Blockchain is perhaps best known for keeping cryptocurrency transactions secure, but what about using blockchain for medical records? Could blockchain help to improve healthcare data security?
The use of blockchain for medical records is still in its infancy, but there are clear security benefits that could help to reduce healthcare data breaches while making it far easier for health data to be shared between providers and accessed by patients.
Currently, the way health records are stored and shared leaves much to be desired. The system is not efficient, there are many roadblocks that prevent the sharing of data and patients’ health data is not always stored by a single healthcare provider – instead a patients’ full health histories are fragmented and spread across multiple providers’ systems.
Not only does this make it difficult for health data to be amalgamated, it also leaves data vulnerable to theft. When data is split between multiple providers and their business associates, there is considerable potential for a breach. The Health Insurance Portability and Accountability Act (HIPAA) requires all HIPAA covered entities and their business associates to implement technical safeguards to ensure the confidentiality, integrity, and availability of protected health information. However, each entity implements their own security controls.
The more entities have access to health data, the greater the potential for errors to be made that result in the data being exposed. As the Department of Health and Human Services’ Office for Civil Rights Breach portal clearly shows, HIPAA-covered entities and their business associates are not always as careful as they should be when storing and transmitting data, and even when they are, it is often not possible to prevent breaches. However, using blockchain for medical records could dramatically improve data security.
Blockchain, as the name suggests, is a chain of data blocks which contain details of transactions, each of which is encrypted to ensure privacy. Rather than store data in a single location, blockchain keeps data in an encrypted ledger, which is distributed across synchronized, replicated databases. Each block is linked to the previous block by a unique public key with access to data carefully controlled.
As has been shown with the massive Anthem and Equifax data breaches, single entities cannot be trusted to hold vast quantities of data and keep it secure in a centralized system. Storing data in a decentralized system could be a viable alternative.
With blockchain, each data block in the chain can be encrypted using public key cryptography which can be unlocked with the use of a private key or password, which could be held by a patient.
If blockchain is used for health data, rather than multiple healthcare providers storing their own copies of a patient’s data, the patient would grant each access to their data and provide them with a key.
Without access to the key, the data stored in blockchain would be inaccessible. It would not be possible to hack a single block of data, at least not without simultaneously hacking all the others in the chain’s chronology. It would also not possible for changes to the data blocks to be made and for those changes to be hidden.
With a cryptocurrency such as Bitcoin, blockchain is used for transactions – the buying and selling of the currency. With health records, the transactions would be consultations with physicians, X-ray images or blood test results, prescriptions, or surgical procedures. Each time data is added, it would need to be validated by a trusted entity who has been given an access key. Once validated, it would be added as a block in the chain in chronological order, with the blockchain comprising a patient’s entire medical history.
The use of blockchain for medical records could prove highly beneficial for providers and patients.
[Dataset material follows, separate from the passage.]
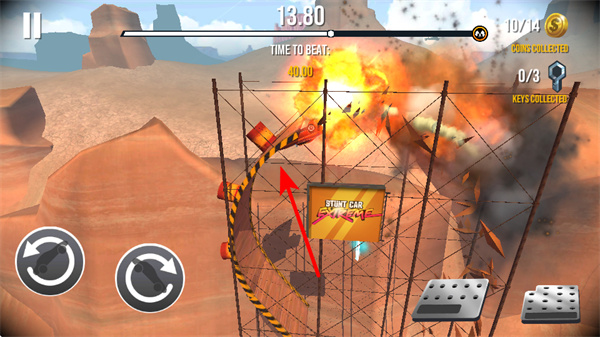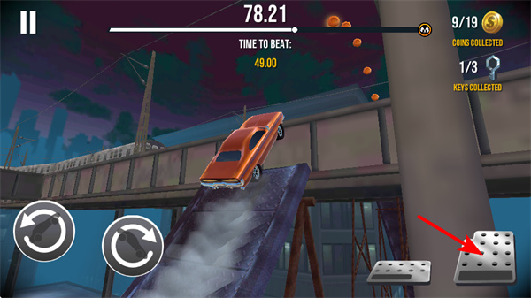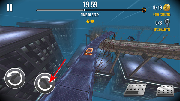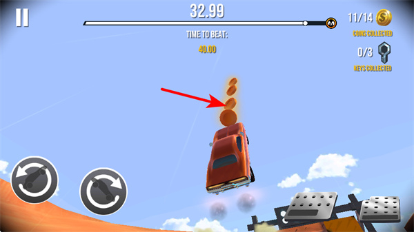2、在車輛跳躍時(shí)瞄準(zhǔn)空中金幣,可收集金幣提升關(guān)卡評(píng)分,這是積累資源的核心操作,收集時(shí)需把握車輛的跳躍軌跡金幣排列。

Not only for keeping medical records secure, but pulling together fragmented medical records stored by multiple healthcare providers.
This would allow full medical records to be easily shared between providers. Medical records would not need to be transmitted electronically between providers, new providers would just be required to be told where to access the information and given the access key.
Blockchain has potential to make it far easier for patients to access their healthcare records. Rather than submitting a request for copies of their health data with several different healthcare providers, one request could be submitted and their full healthcare record could be accessed. Currently, that process can be complicated, time-consuming, and potentially costly for the patient, since each provider is permitted under HIPAA to charge a fee for providing copies of data.
When data is provided through patient portals, the process of piecing together health records can be even more complicated, as is sharing the information. Blockchain could also help sort out the issues that exist with multiple patient identifiers.
Blockchain clearly works for financial transactions but what about blockchain and medical records? Could it work in practice? Trials using Blockchain and medical data have shown very promising results. One trial conducted by MIT Media Lab and Beth Israel Deaconess Medical Center has shown blockchain to work well for tracking test results, treatments, and prescriptions for inpatients and outpatients over 6 months. In that trial case, data exchange between two institutions was simulated using two different databases at Beth Israel. Plans are now underway to expand the pilot.
There are still issues that must be resolved. Blockchain is not anonymous but pseudonymous. There is also the problem of how to make certain records private, such as psychotherapy notes, to prevent patients accessing that information.
It would also be necessary for blockchain to be extensively tested with health data and healthcare organizations would need to be convinced to adopt blockchain medical records systems. Encouragingly, earlier this year, IBM conducted a survey on 200 healthcare organizations. 16% said they expected to have a commercial blockchain solution in place this year.